L’argomento 3 appare molto diffuso ed è un esemplare indicazione del perché non ce la faremo mai. Perché intanto stiamo parlando di un istituto amministrativo che niente ha a che fare con la città: non stiamo proponendo di abolire Asti o cambiarle il nome in Alessandria. E Imola, Cortona, Vigevano, San Benedetto del Tronto, Sanremo, Alcamo, Alghero, non hanno identità meno forti e nobili perché il capoluogo della loro provincia è un altro. Quello che temono, gli abitanti delle province eliminate, è un declassamento da parvenu, che tolga “lustro” alla loro città e al loro status. L’idea che se la tua città non è più capoluogo tu sia un po’ sfigato: dover scrivere nei moduli il nome della provincia, accanto a quello del luogo di residenza, umiliazione intollerabile. E in più temono che la tua città perda alcuni privilegi legati a questo: e che la loro conservazione debba prevalere sul bene comune. Magari sono gli stessi che negli ultimi vent’anni si sono via via indignati del proliferare di nuove province.
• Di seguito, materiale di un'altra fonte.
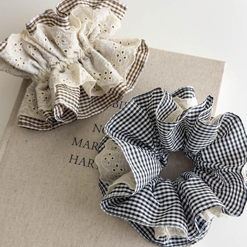 E廠-雙層蕾絲格子大腸髮圈女法式復古芭蕾風頭繩氣質小香風丸子頭髮飾「26254」24.11-2

E sono portatori, al di là dei costi maggiori per la comunità dei loro capricci, della radicata cultura che è da sempre la mezza rovina italiana, quella che ci zavorra e ci fa sentire incapaci di cambiare: il nostro aver rimpiazzato la comunità con la famiglia, con tutto il suo sistema di deroghe e contraddizioni: al punto che «la famiglia» è diventata il nome delle organizzazioni criminali avversarie dello Stato, ovvero della comunità principale a cui invece apparteniamo tutti. E la questione dei Comuni e dei campanili è facilmente associabile a quella delle famiglie: ovvero la tradizione di appartenenza a un gruppo ristretto che prevale su principi, valori o regole condivise e legittimate. In cui quindi contano la riga per terra, le mura cittadine, il nome che si porta, la «tradizione»: tutto il resto è nemico.
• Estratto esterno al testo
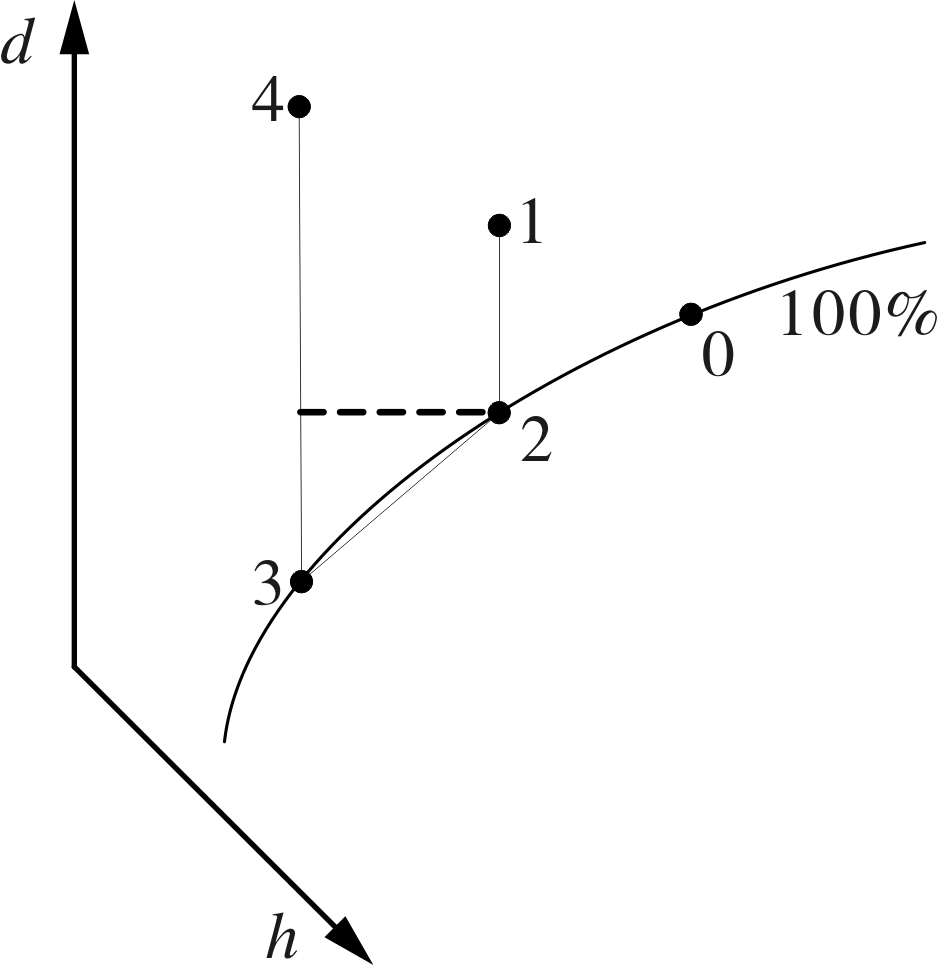 2.2 理想调温除湿机的空气处理过程

Se fossimo capaci, per una volta, poi un’altra, poi un’altra ancora, di scardinare questo sistema di pensiero, cominceremmo a somigliare a quei paesi civili che tiriamo in ballo come modelli quando ci pare. Per quel che mi riguarda, se il cambiamento va in porto sarò orgoglioso di un paese che ha fatto una buona cosa, sarò orgoglioso di essere nato e vissuto in due città che hanno sacrificato volentieri un privilegio costoso, e sarò onorato della nuova provincia in cui sarò nato e vissuto trent’anni. Pisa, provincia di Livorno.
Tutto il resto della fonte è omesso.